Whether we choose to believe it or not, we live by others. College kids are the promise of a better tomorrow. We should never forget what they endured, and how they’ve responded. Let’s not take them for granted.

To sack or not to sack, that is the question 

Diary of an embattled manager; entry 751. Sport is a cruel mistress for fans, especially for those charged with curating the fortunes of a team. The smell of victory lingers in the nostrils just long enough to give the facade of security, but each loss carries the whiff of pungent Nitroglycerin, the scent that usually follows the firing of an assassin's bullet. 

To sack or not to sack is a quandary laden with a multitude of intricate elements, from the crude (financial) to the philosophical (culture and continuity). The higher the stakes, usually, the swifter the guillotine. Every rule has an exception, however, and Everton’s Frank Lampard will be viewed by many of his peers as a man currently living a very charmed life. 

Saturday’s loss to bottom-of-the-table Southampton the latest evidence in a curious case of a club board bizarrely willing to keep faith in their manager despite compelling evidence. Over the road in Leeds, Jesse Marsch will be hiding in the jacks at Elland Road rather than face his employers, but if he has to, he may point at Lampard and Everton as an example of patience being the new trend. 

By any other standard, Marsch, who has a PhD in waffle, will do well to reach the mid-term break. After an admirable honeymoon period, the American Marsch has evolved into Ted Lasso’s evil twin, initially adopting all the wholesome elements of the TV “coach” persona, before betraying it with hubristic bombast and a performative management style that has lately walked the Leeds faithful to the edge of a cliff.

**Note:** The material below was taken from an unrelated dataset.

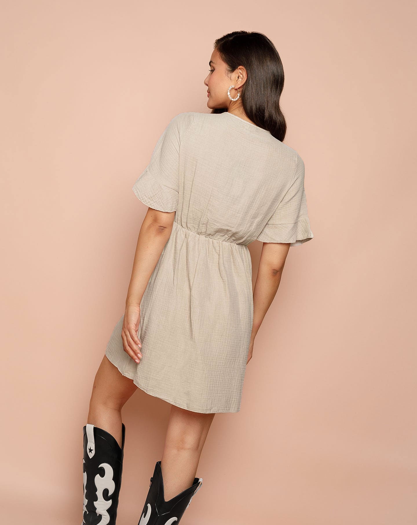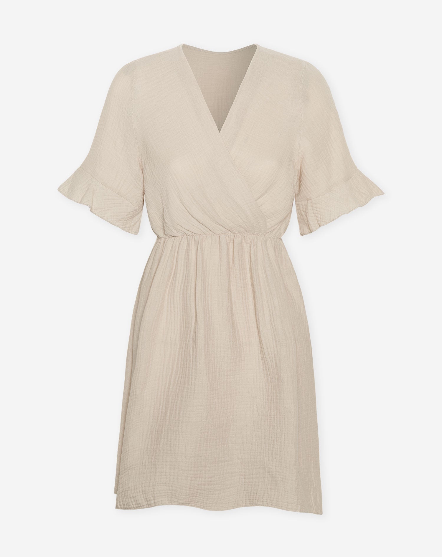 Deze super leuke jurk is perfect voor de warmere dagen! Het jurkje is gemaakt van mousseline, heeft een v-hals en heeft cute ruffles bij de mouwen. Het jurkje heeft een elastieken band rond het middel waardoor deze mooi aansluit.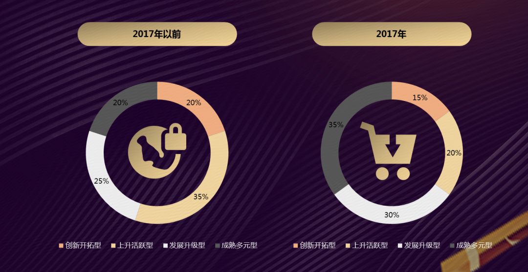 报告根据销售规模、增长趋势、市场反应、消费者偏好、技术含量等大数据指标,将当前中国品牌主要分为四大类型:上升活跃型、发展升级型、创新开拓型和成熟多元型。

Friday's loss to fellow strugglers Aston Villa may be the tipping point. Good for him that he just joined LinkedIn, as it should help him find his next job.

Freedom under threat 

End of year honours lists usually mean good things for people; not so NBA centre Enes Kanter Freedom, who last week told the New York Post that the Turkish government is offering $500,000 for information leading to his capture after naming him on their most-wanted terrorists list for 2023. 

The former Boston Celtic, who was raised in Turkey, has been an outspoken critic of Turkish president Recep Tayyip ErdoÄźan whom he called the "Hitler of our century" in 2017. As a result of repeated threats to his safety, he became a US citizen. Currently a free-agent, Freedom remains a relentless advocate for human rights.

Plane wrong from Odell

The next time you complain about being stuck beside a baby on a plane, remember it can't be any worse than having NFL wide-receiver Odell Beckham Jr. for company. 

Last week, Police released bodycam footage of an incident on an American Airlines flight which resulted in it being de-planed, all because OBJ - who was initially passed out and unresponsive - refused to fasten his seatbelt. As the passengers were escorted off, the unrepentant Beckham reassured them "You gon' wait 40 minutes and I'm going to be on a private plane home”. 

Odell, once considered a future hall-of-famer, is currently without a team. One wonders why?